2017-04-06 75 views
0

一個TDM我有以下代碼:Weka的API:創建使用StringToWordVector

ArrayList<Attribute> attributes = new ArrayList<>() 
    attributes.add(new Attribute("tweet", true)) 

    ArrayList<String> theLines = new ArrayList<>() 
    File cleanestTweets = new File("cleanestTweets.txt") 
    File savedResults = new File("savedResults.arff") 
    Instances instances 

    try { 

     Scanner console = new Scanner(cleanestTweets) 

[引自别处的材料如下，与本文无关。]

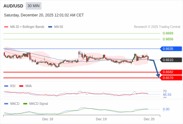 澳元/美元 当日内 : 看跌,当 0.6635 为阻力位。
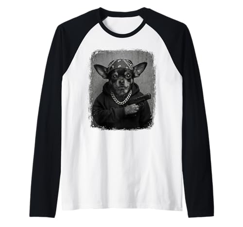 Street Style Chihuahua Dog Gangster Bandana & Chain Funny Raglan Baseball Tee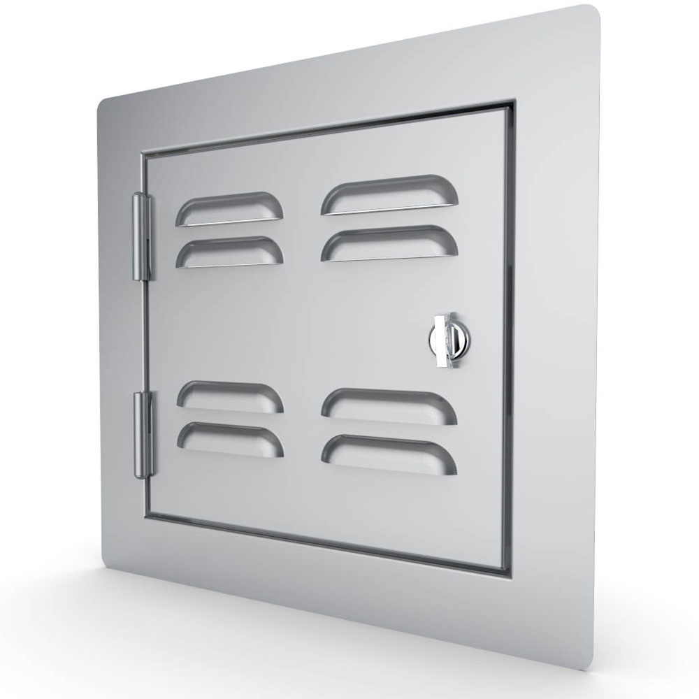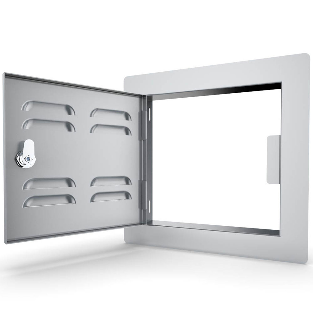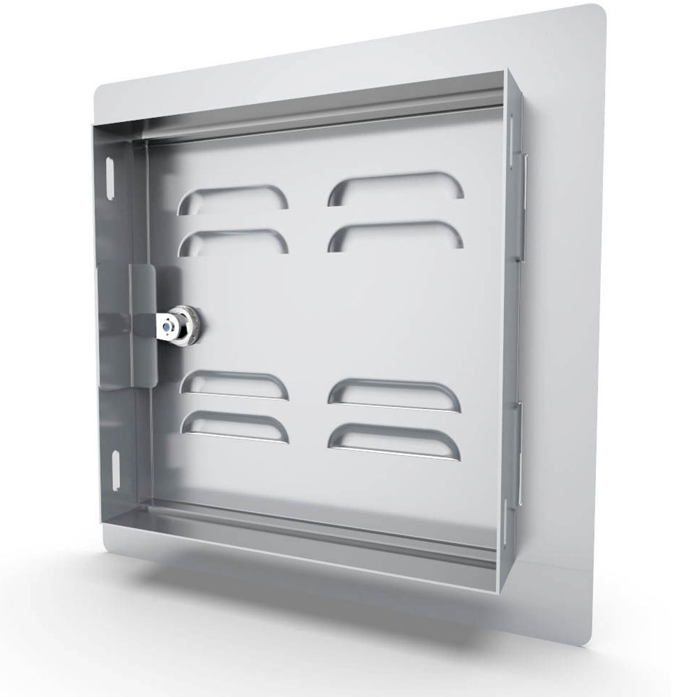 The Sunstone Classic Series Flush Style Left or Right Swing 12” x 12” Vented Access Door is your perfect solution for Outdoor Plumbing, Gas, Electrical, or Safety Access great for multiple installation types like Dry-Wall Board, Brick, or Veneer Stone. In addition, this door is great for accessing the Bottom Vent of a Ceramic Grill with its added vents provide great air-circulation and features a Turn-Latch which can be optionally replaced for a Locking Latch keeping internal components safe. Also use this Door in Place of an Outdoor Kitchen Island Vent, providing superb air-flow or gas-ventilation while giving you clear access to the internal compartment.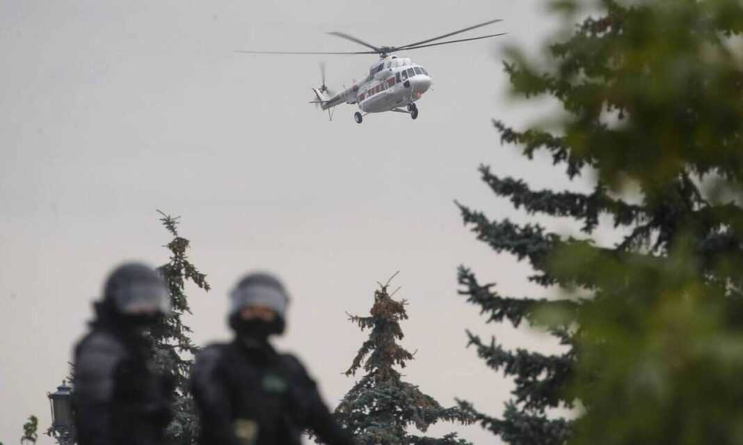 Ο Λουκασένκο πέταξε με το ελικόπτερο, μαζί με τον 15χρονο γιο του, τον Νικολάι, πάνω από τον χώρο όπου είχαν συγκεντρωθεί από το μεσημέρι οι αντιπολιτευόμενοι διαδηλωτές.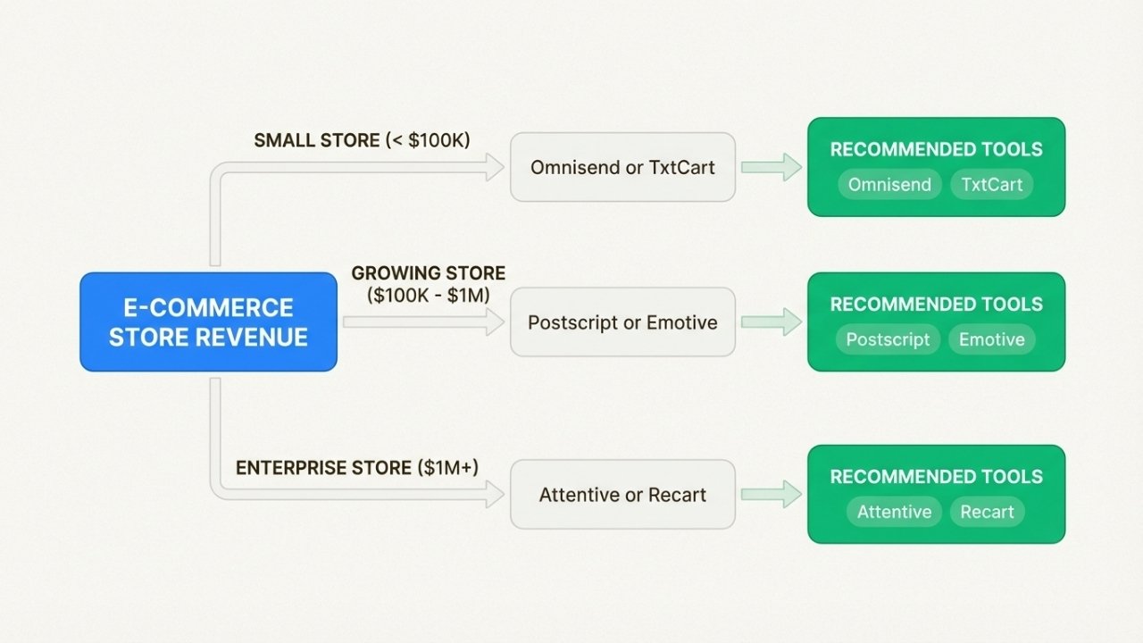 Your monthly SMS volume: Low volume (under 1,000 messages/month) favors pay-per-message tools like SMSBump. High volume makes subscription models like TxtCart or Omnisend more economical.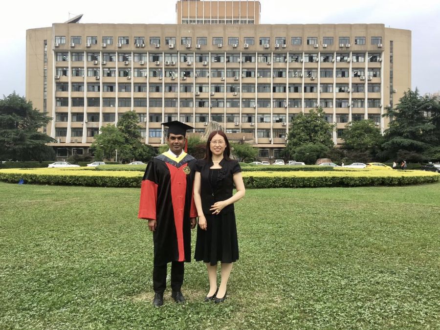 法魯克與化學(xué)工程學(xué)院的緣分始于2013年。那年,他來(lái)到學(xué)院攻讀化學(xué)工程與技術(shù)博士學(xué)位并加入周瑛教授課題組,一直致力于“鈷鐵酸納米顆粒在水生生物和模型蛋白中的納米毒理學(xué)機(jī)制”的研究。博士學(xué)習(xí)期間,他以第一作者和共同通訊作者的身份發(fā)表了6篇SCI論文。導(dǎo)師周瑛是這樣評(píng)價(jià)法魯克的:學(xué)習(xí)目的明確,科研工作兢兢業(yè)業(yè),動(dòng)手能力強(qiáng)。周瑛特別強(qiáng)調(diào),法魯克有很好的團(tuán)隊(duì)合作精神,能夠帶動(dòng)團(tuán)隊(duì)一起進(jìn)步。2016年,法魯克順利畢業(yè),隨后在上海交通大學(xué)、南京大學(xué)進(jìn)行博士后研究工作,并獲得了國(guó)家自然科學(xué)基金。
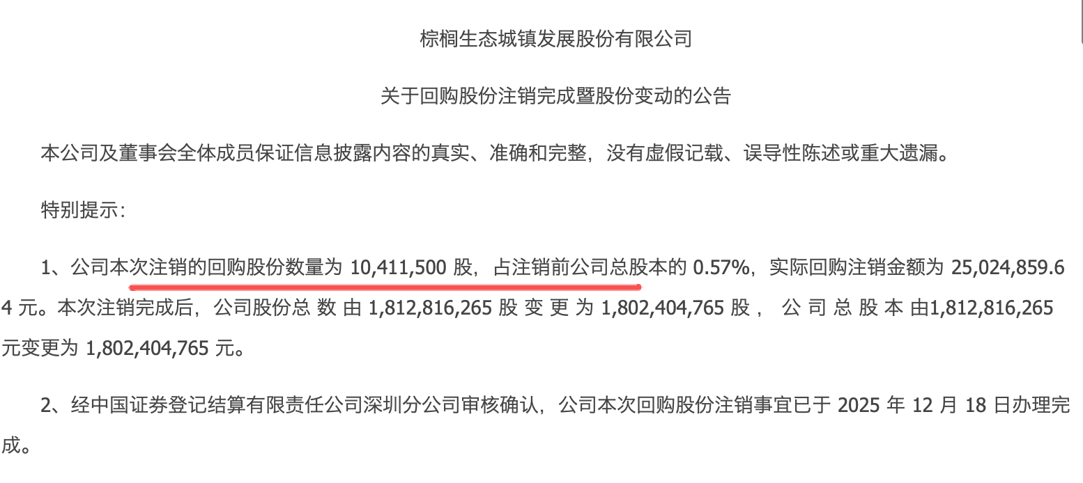 这个股票回购注销了1041万股。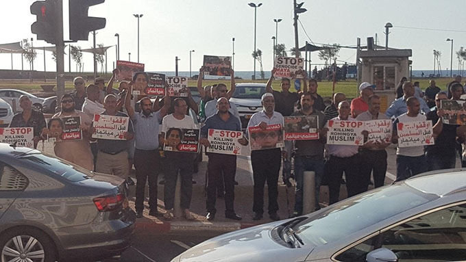 نظمت الحركة الإسلامية في البلاد وذراعها السياسية القائمة العربية الموحدة ، نظمت تظاهرة احتجاجية أمام سفارة ميانمار بتل أبيب مساء اليوم شارك بها المئات من النساء والرجال، وذلك احتجاجا ورفضا للجرائم والمجازر التي ترتكبها حكومة ميانمار وجيشها ومجموعات بوذية متطرفة بحق الأقلية الروهينغية المسلمة في اقليم أراكان في بورما.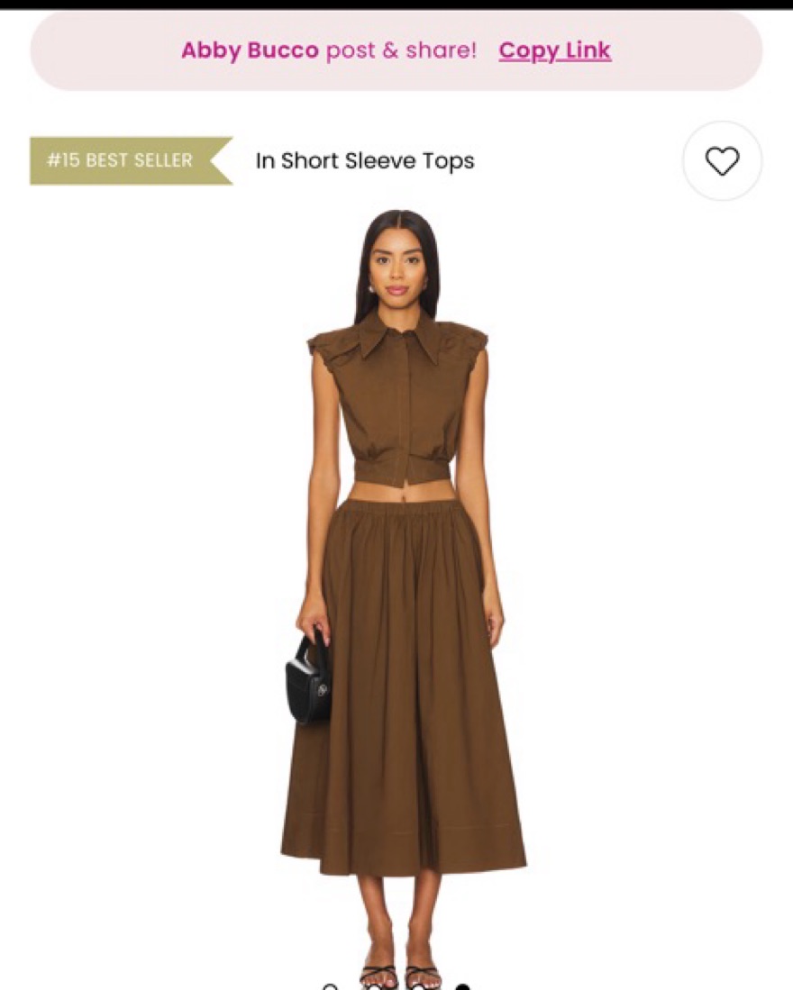 brown Calmia Coehelo collared top and skirt set. Brand new worn once. Super cute!!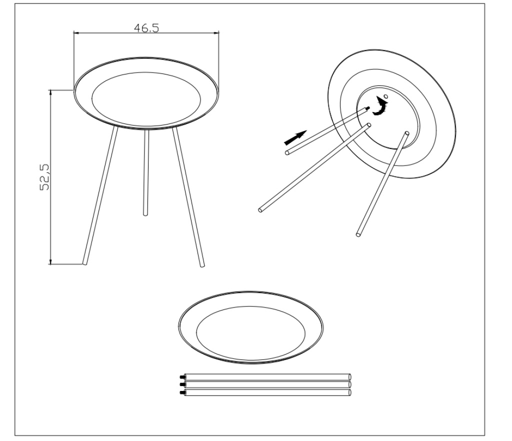 • Boyutlar: 41.5 cm yükseklik ve 46.5 cm çap, küçük alanlar için uygundur.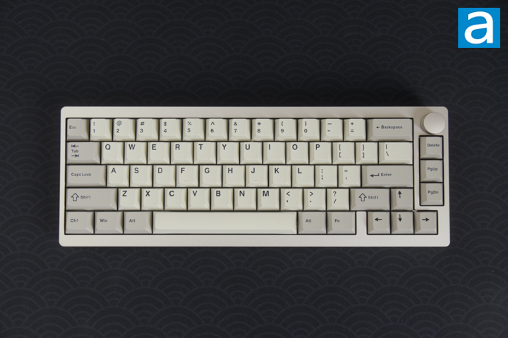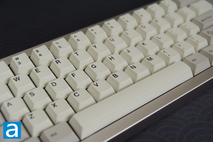 The keycaps are made with PBT double-shot plastic. PBT plastic resists wear and shine compared to ABS plastic. It typically has a lower pitched typing sound. The double-shot black colored legends will never fade, as they are molded with a different color plastic underneath the keys. The legends are clear and mostly crisp looking. Some of the keys do have slightly inconsistent thickness in the lettering, which is not ideal. It could suggest a less accurate or worn-out plastic injection mold. The alphanumeric keys are in an off-white color reminiscent of old personal computers, while the modifier keys are in a light gray color. The keycaps are sculpted in the Cherry-profile, and has the North American QWERTY ANSI layout. They feel solid and have good quality at this price point. For those who want to personalize the keyboard with their own keycaps, there is a non-standard 1.75U right Shift, 6.25U space bar, and 1.25U bottom row modifiers. The navigation keys featured are Delete, Page Up, and Page Down on the right side.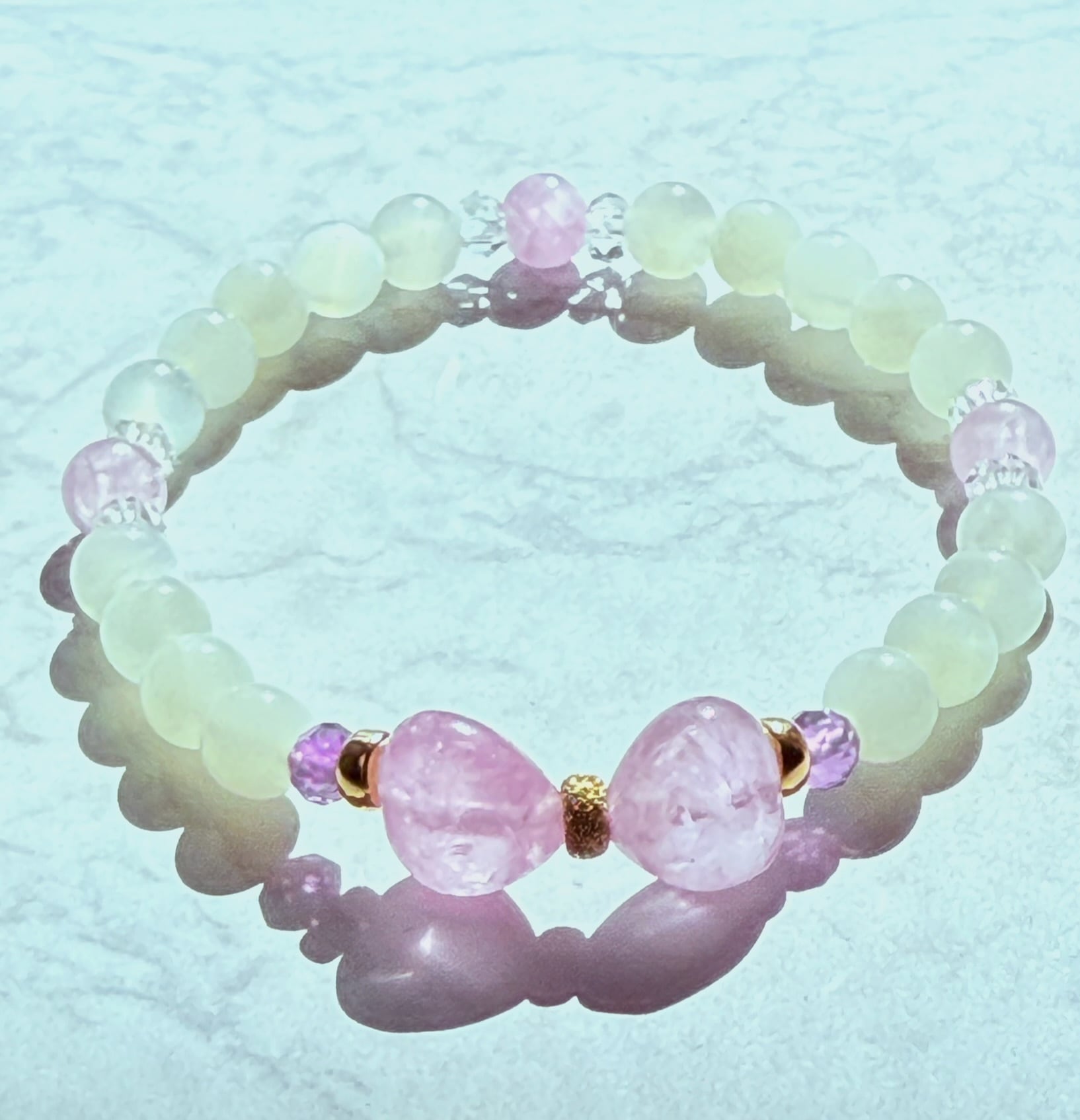 このクンツァイトとムーンストーンの組み合わせを「縁結び」モチーフのリボンにしたブレスにしました。
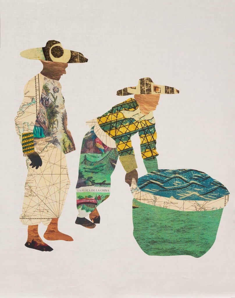 Anna Binta Diallo, Two fishermen, digital collage printed on hemp, 54 x 41 inches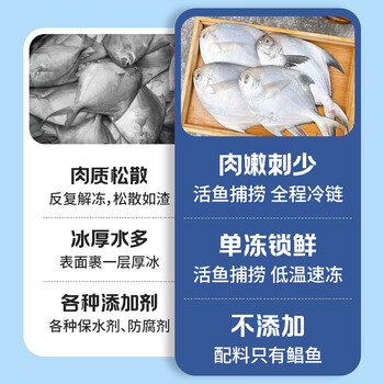 纯色本味冷冻舟山白鲳鱼净重800g银鲳鱼8-12条地标产品
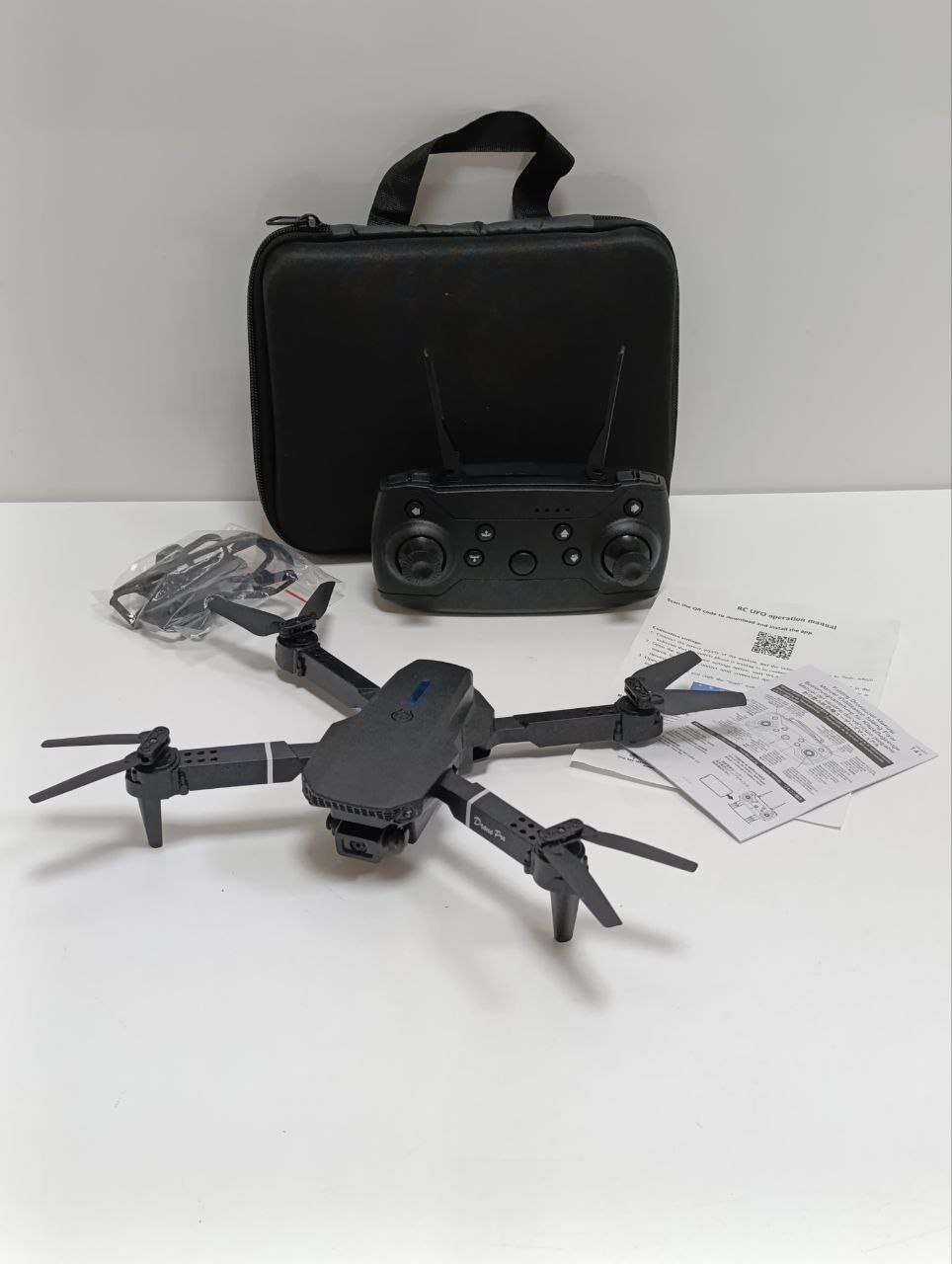 Квадрокоптер, пульт дистанційного керування, запасні лопаті, сумка-чохол, інструкція користувача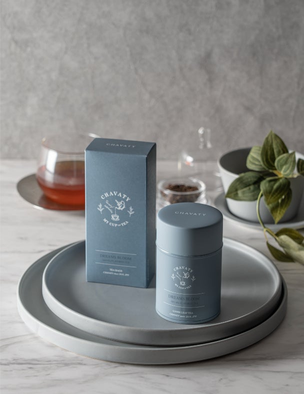 パッケージデザインは、CHAVATYグレーのシックな色合いとシンプルなホワイトの2色で仕上げ、サイズ感や質感といった手に取る際の心地よい感覚を大切にしました。また、リーフ缶はデザイン性と機能性を兼ね備えた、日本伝統の茶筒をセレクトしています。上質な日常やお茶を嗜むひとときを想い、デザインされたティーコレクションは、大切な方へのギフトとしてもぴったりです。缶はリーフ入り、箱はティーバッグ入りで各種ご用意しております。

     while (console.hasNextLine()) { 

      String line = console.nextLine() 

       theLines.add(theLine) 

     } 

     Instance ins = new DenseInstance(1) 
     instances = new Instances("TwitterData", attributes, theLines.size()) 
     theLines.each { it -> 
      ins.setValue(attributes[0], it) 
      instances.add(ins) 
     } 

     StringToWordVector filter = new StringToWordVector() 
     filter.setInputFormat(instances) 
     filter.setOutputWordCounts(true) 
     filter.setTFTransform(true) 
     filter.setDictionaryFileToSaveTo(savedResults) 
     filter.getDictionaryFileToSaveTo() 


    } catch (IOException e) { 

    } 

它創建的實例代碼工作正常。然後我嘗試創建一個TDM並將其寫入savedResults.txt。運行代碼時,沒有任何內容寫入savedResults.txt。我不完全確定爲什麼。我已閱讀documentation,但沒有提及任何內容。

回答

0
StringToWordVector filter = new StringToWordVector() 
    filter.setInputFormat(instances) 
    filter.setDictionaryFileToSaveTo(savedResults) 
    filter.setOutputWordCounts(true) 
    filter.setTFTransform(true) 
    Instances dataFiltered = weka.filters.Filter.useFilter(instances, filter) 

這確實將文字及其出現寫入到文件中。看起來你必須創建新的實例並明確聲明使用過濾器。我用this question來得出這個結論。